124.4 Living between two societies: Japanese women's experience in China

Wednesday, August 1, 2012: 1:24 PM
Faculty of Economics, TBA
Oral Presentation
Chie SAKAI , Sociology, Kansai University, Suita City, Osaka, Japan
Economic relations between China and Japan have been growing since the 1980s, and an increasing number of Japanese are now going to China in search of a larger market. We tend to regard men as the primary migrant, but a number of women are going abroad for various reasons. In Japan, women are expected to marry a breadwinning husband, concentrate on domestic chores, and care for children. The strict gender division in workplaces and families has made them go abroad, recently to China.

Based on my own research since the mid-1990s, this study examines Japanese women migrants’ sense of achievement and their anxieties about the future. They quit their jobs in Japan after working for a few years and found more-satisfying positions intermediate between Japan and China at Japan-related companies in Chinese big cities.

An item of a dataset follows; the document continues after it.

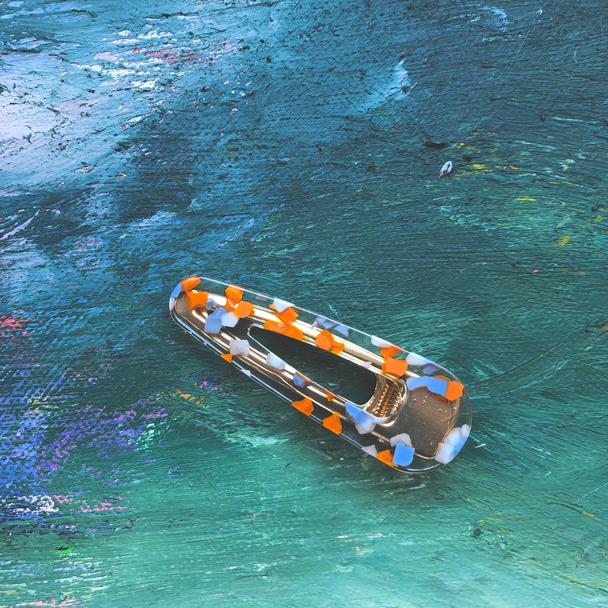 - Blue & Orange Rectangular Crocodile Barrette 6

Many of them strongly intended to return to Japan before turning thirty, believing that being any older would make it more difficult to find a job and to marry. However, their stays in China tended to be longer than expected. Growing older, they had to cope with their sense of instability from living abroad caused by, for example, their anxiety for the future, their lack of social security, and their guilt at having abandoned their aged parents at home.

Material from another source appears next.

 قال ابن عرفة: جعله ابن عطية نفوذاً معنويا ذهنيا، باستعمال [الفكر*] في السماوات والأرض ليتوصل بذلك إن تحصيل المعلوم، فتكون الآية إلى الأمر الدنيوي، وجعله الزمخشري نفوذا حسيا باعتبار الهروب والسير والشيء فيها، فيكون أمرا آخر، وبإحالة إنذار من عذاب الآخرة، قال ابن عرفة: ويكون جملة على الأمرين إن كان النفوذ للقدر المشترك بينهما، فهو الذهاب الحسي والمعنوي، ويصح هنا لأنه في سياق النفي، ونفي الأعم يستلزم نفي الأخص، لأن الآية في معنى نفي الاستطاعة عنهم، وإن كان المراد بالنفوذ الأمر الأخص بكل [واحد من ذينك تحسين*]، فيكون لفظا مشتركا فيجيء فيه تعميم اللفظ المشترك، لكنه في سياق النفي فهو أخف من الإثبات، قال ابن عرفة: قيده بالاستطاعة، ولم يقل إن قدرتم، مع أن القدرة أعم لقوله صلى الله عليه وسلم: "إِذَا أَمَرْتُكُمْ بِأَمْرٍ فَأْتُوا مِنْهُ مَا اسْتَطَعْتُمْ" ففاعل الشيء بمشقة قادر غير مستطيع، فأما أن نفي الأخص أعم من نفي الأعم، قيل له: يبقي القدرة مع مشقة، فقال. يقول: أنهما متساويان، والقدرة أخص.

Some of them married local Chinese men and decided to stay in China for a while. However, they felt it became more difficult to return to Japan with a family, and they worried about their children’s education and their own lives after retirement. This study also discusses how female Japanese migrants negotiate these problems and share their information among friends, who have the similar situations. That's why they eagerly make friends in a graduates’ association, in children’s schools, or in the neighborhood to create a network.